Sur la figure 3a, l'application d'un gain est représenté sur chacun des canaux audio codés spatialement, représentés par des amplificateurs 1₀ a à 1₈, ces derniers engendrant une composante égalisée laquelle peut être soumise ou non à un retard par l'intermédiaire d'éléments de retard notés 1₉ à 1₁₂ pour engendrer à partir de chacun des canaux audio codés spatialement une composante égalisée et retardée d'une valeur de retard déterminé dans la sous-bande de fréquence SB_k.On the figure 3a , the application of a gain is represented on each of the spatially coded audio channels, represented by amplifiers 1 _0a to 1 ₈ , the latter generating an equalized component which may or may not be delayed by means of delay elements noted 1 ₉ to 1 ₁₂ for generating from each of the spatially coded audio channels an equalized and delayed component of a determined delay value in the frequency subband SB _k .

En référence à la figure 3a, les gains des amplificateurs 1₀ à 1₈ ont des valeurs arbitraires A, B, B,A, C, D, E,E, D respectivement. En outre les valeurs de retard appliquées par les modules de retard 1₉ à 1₁₂ ont pour valeurs Df, Bf, Ds, Ds. Sur la figure précitée, la structure des gains et retards introduits est symétrique. Une structure non symétrique peut être mise en oeuvre sans sortir du cadre de l'objet de l'invention.With reference to the figure 3a , the gains of the amplifiers 1 ₀ to 1 ₈ have arbitrary values A, B, B, A, C, D, E, E, D respectively. In addition, the delay values applied by the delay modules ₁₉ to ₁₂ have the values Df, Bf, Ds, Ds. In the aforementioned figure, the structure of the gains and delays introduced is symmetrical. A non-symmetrical structure can be implemented without departing from the scope of the subject of the invention.

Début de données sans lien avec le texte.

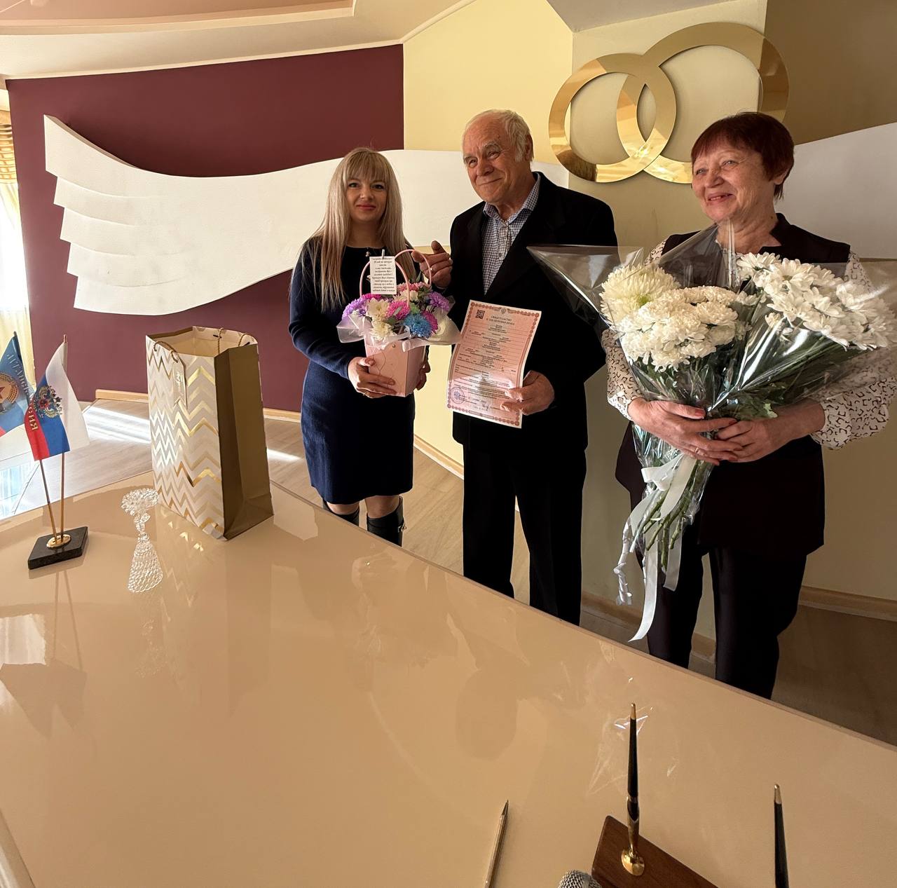 В отделе торжественной регистрации браков и рождений г. Луганска департамента записи актов гражданского состояния Министерства юстиции Луганской Народной Республики 25 октября 2025 года состоялась торжественная церемония чествования супружеской пары Евгения Борисовича и Натальи Васильевны Пузановых, проживших вместе 50 лет.

Le dispositif objet de l'invention comporte également un module 2 d'addition d'un sous-ensemble de composantes égalisées et retardées pour créer un nombre de signaux filtrés dans le domaine transformé correspondant au nombre N' du deuxième ensemble supérieur ou égal à deux de canaux sonores de restitution dans le domaine temporel.The device according to the invention also comprises a module 2 for adding a subset of equalized and delayed components to create a number of filtered signals in the transformed domain corresponding to the number N 'of the second set greater than or equal to two sound channels of restitution in the time domain.

Enfin le dispositif objet de l'invention comporte un module 3 de synthèse de chacun des signaux filtrés dans le domaine transformé pour obtenir le deuxième ensemble comprenant un nombre N' supérieur ou égal à deux de signaux sonores de restitution dans le domaine temporel. Le module de synthèse 3 comporte ainsi, dans le mode de réalisation de la figure 3a, un synthétiseur 3₀ et 3₁ lesquels permettent chacun de délivrer un signal sonore de restitution dans le domaine temporel B₁ pou signal binaural gauche, respectivement B_r pour signal binaural droit.Finally, the device which is the subject of the invention comprises a module 3 for synthesizing each of the filtered signals in the transformed domain to obtain the second set comprising a number N 'greater than or equal to two of sound reproduction signals in the time domain. The synthesis module 3 thus comprises, in the embodiment of the figure 3a , A synthesizer 3 ₀ 3 and ₁ which each can deliver a sound signal recovery in the time domain B ₁ louse left binaural signal, respectively B _r for right binaural signal.

Les composantes égalisées et retardées dans le mode de réalisation de la figure 3a sont obtenues de la manière ci-après avec :

A[k] désignant le gain des amplificateurs 1₀, 1₃ pour la sous-bande SB_k de rang k,
B[k] désigne le gain de l'amplificateur 1₁, 1₂ représenté en figure 3a,
C[k] désigne le gain de l'amplificateur 1₄,
D[k] désigne le gain des amplificateurs 1₅ 1_8,
E[K] désigne le gain des amplificateurs 1₆ 1₇.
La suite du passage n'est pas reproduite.